/ world today news/ At the end of the year, the international institutions published disappointing forecasts: the “locomotives” of the EU fell into recession and are dragging the others there. Hopes were not justified. The recession will continue until at least mid-2024.
It didn’t float
In the first quarter of 2023, EU GDP fell by 0.1 percent, and in the fourth quarter of 2022, the same negative was observed. This is called a technical recession – negative dynamics for two quarters in a row.
The European Commission then noted: this is not much and will not last long. “The recession during the winter months was shallow. The situation on the labor market is positive, which confirms the economic stability of the euro area,” EC spokesman Verle Nuets said.
But she was too optimistic. In the second quarter – almost zero plus (0.2 percent on a quarterly basis and 0.5 on an annual basis), in the third – minus 0.1 compared to the previous one and plus 0.1 on an annual basis.
For comparison: Russia’s GDP in the third quarter added 5.5% on an annual basis, compared to the second – plus 7.8%. According to “Rosstat”, the increase in GDP is related to an increase in the index of the physical volume of added value in wholesale and retail trade (17.1%), construction (10.0%), industry (9.9%), hospitality and restaurants (7.1%), information and communications (6.7), agriculture (3.8), transport and storage (3.0).
A sad picture
The Eurozone was pushed into recession primarily by the “economic locomotives” – Germany and France. Both sides are at a standstill and there is no positive. In the second quarter, Germany had a minus 0.2 percent on an annual basis, in the third – 0.1. The French have plus 0.5 and minus 0.1 respectively.

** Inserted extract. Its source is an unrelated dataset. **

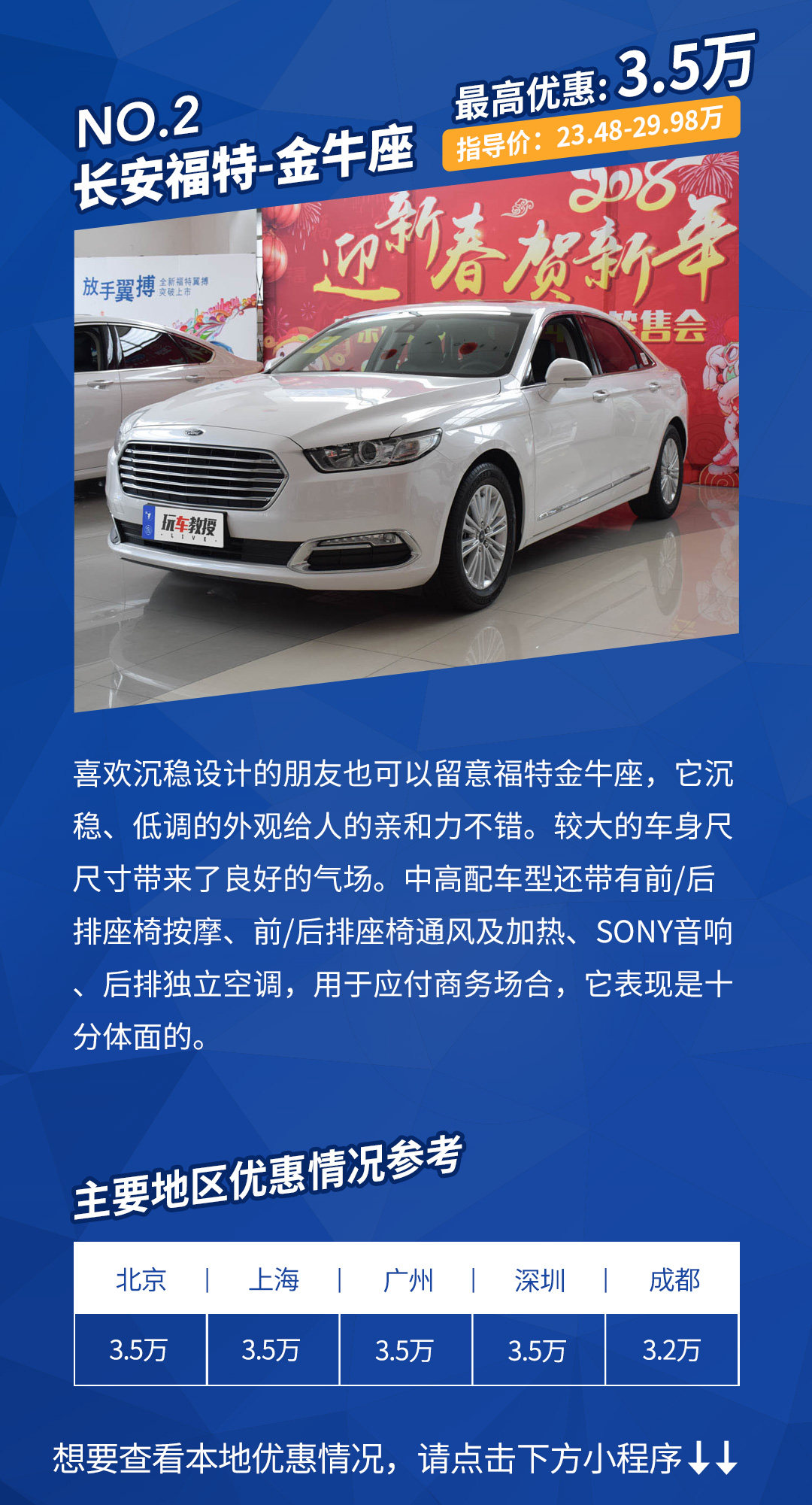 优惠详情:在北京只需要店里上保险和持本地牌照,上海、成都为现金优惠,广州、深圳需加装饰、店内上保险、店内上牌。

Expensive energy resources, the decline in industrial production, high inflation, weak consumer activity and the unclear monetary policy of the European Central Bank (ECB) are the main negative factors.

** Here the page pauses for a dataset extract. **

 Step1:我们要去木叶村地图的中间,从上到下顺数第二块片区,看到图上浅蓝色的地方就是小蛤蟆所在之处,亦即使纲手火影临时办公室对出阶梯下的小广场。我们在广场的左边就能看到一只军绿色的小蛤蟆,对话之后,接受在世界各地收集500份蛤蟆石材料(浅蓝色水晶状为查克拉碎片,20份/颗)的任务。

In Germany, the index of business activity in manufacturing has not risen above 50 points since June 2022. It is now 43.1. In France – 42. Over 50 were only in January.

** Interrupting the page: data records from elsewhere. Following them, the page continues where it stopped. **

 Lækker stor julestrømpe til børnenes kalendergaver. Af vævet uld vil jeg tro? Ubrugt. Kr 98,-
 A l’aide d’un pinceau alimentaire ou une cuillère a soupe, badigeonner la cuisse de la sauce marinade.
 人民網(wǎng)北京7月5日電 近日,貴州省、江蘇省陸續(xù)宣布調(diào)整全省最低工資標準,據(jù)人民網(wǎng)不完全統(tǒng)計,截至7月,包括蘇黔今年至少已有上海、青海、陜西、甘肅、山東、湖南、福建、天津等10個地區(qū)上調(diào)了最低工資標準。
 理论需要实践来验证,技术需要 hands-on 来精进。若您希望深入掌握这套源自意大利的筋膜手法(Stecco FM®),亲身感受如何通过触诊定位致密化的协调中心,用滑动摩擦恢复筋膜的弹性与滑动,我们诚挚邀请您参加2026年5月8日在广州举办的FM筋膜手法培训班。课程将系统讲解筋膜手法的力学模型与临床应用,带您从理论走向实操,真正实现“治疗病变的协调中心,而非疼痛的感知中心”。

Companies reduce turnover both in the service sector and in industry, finds “Standard & Poor”
“The French economy is sinking into the quagmire of recession,” say economists at Hamburg’s commercial bank.
In Germany, the fact that at the end of November the Ministry of Finance pulled the emergency brake and froze the limit of budget obligations for the current year added fuel to the fire. At the time, authorities warned that the economy would face severe consequences because it would be necessary to stop funding critical measures to support energy prices and generally update the economy and infrastructure.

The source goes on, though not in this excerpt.